As we were leaving Niall picked up a leaflet from the display. It was about saffron. So he hummed the refrain "I'm just mad about Saffron" from the '60s Donovan song 'Mellow Yellow'. It stayed lodged in both our brains for the rest of that day!
Anyway, back to saffron. The leaflet announced that Preuilly sur Claise hosts two saffron festivals. One on the third Saturday in February to celebrate the spice, the other on the 1st Saturday in July to sell the Crocus sativus corms--the plant which produces the saffron filaments.
Yesterday was the 3rd Saturday so off we went to the Saffron Fair.
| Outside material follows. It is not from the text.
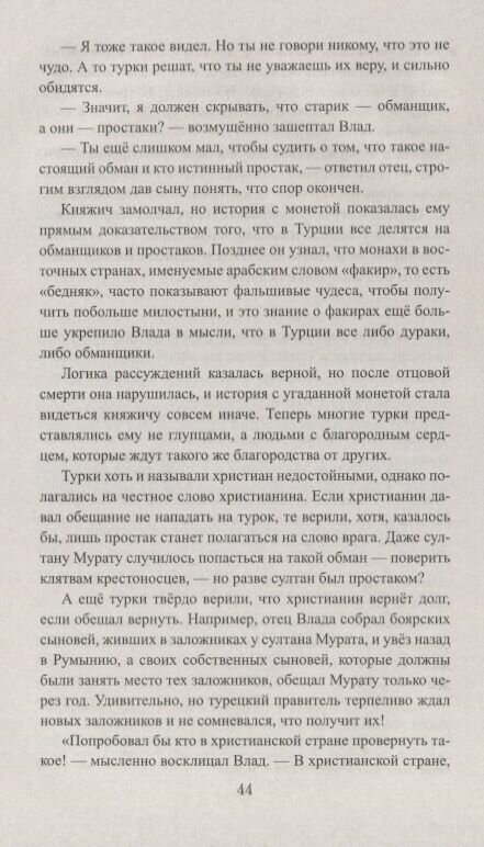 Отличное продолжение истории Влада Цепеша. Герой нравится и не нравится одновременно, он беспринципен и жесток, но им движет месть и все его действия становится логичными, их можно как-то объяснить, по крайней мере пока. С удовольствием продолжу читать его историю. Качество у издания хорошее, книга прошита, текст руки не пачкает, правда немного мелкий шрифт. Покупкой остался очень доволен, рекомендую.

I have, on a very rare occasion, cooked with saffron and know it is commercially cultivated in Spain but didn't know it is grown around here.
|removing the saffron threads photo: Les Safraniers de Touraine|
The English word 'saffron' comes via Latin safranum from Old French safran. The source of the word can be traced back to either the Arabic for 'yellow': asfar; or Persian for 'having golden stigmas': zarparan.
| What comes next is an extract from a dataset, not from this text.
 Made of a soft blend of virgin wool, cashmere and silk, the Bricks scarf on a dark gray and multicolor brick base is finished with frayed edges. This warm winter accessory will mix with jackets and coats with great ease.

The whole harvesting process is done by hand. The flowers are picked, in autumn, by hand and then the the red-orange stigma and styles are carefully removed from the the rest of the flower; again by hand. This, and the fact that each corm only flowers once so it's cormlets need to be dug up split and replanted make it so incredibly expensive. You need between 120,000 and 150,000 flowers to produce 1 kg of saffron and that equates to 370 to 470 hours of manual labour! Thankfully a few filaments or strands are enough to flavour a dish (aboout 1/10 of a gram).
|12th Saffron Fair, Preuilly sur Claise|
There was a wide range of products made with saffron on sale as well as the little pots of the filaments. We saw producers of jams with saffron, saffron infused cordials and drinks but the most popular was pain d'epices [spice cake] with saffron.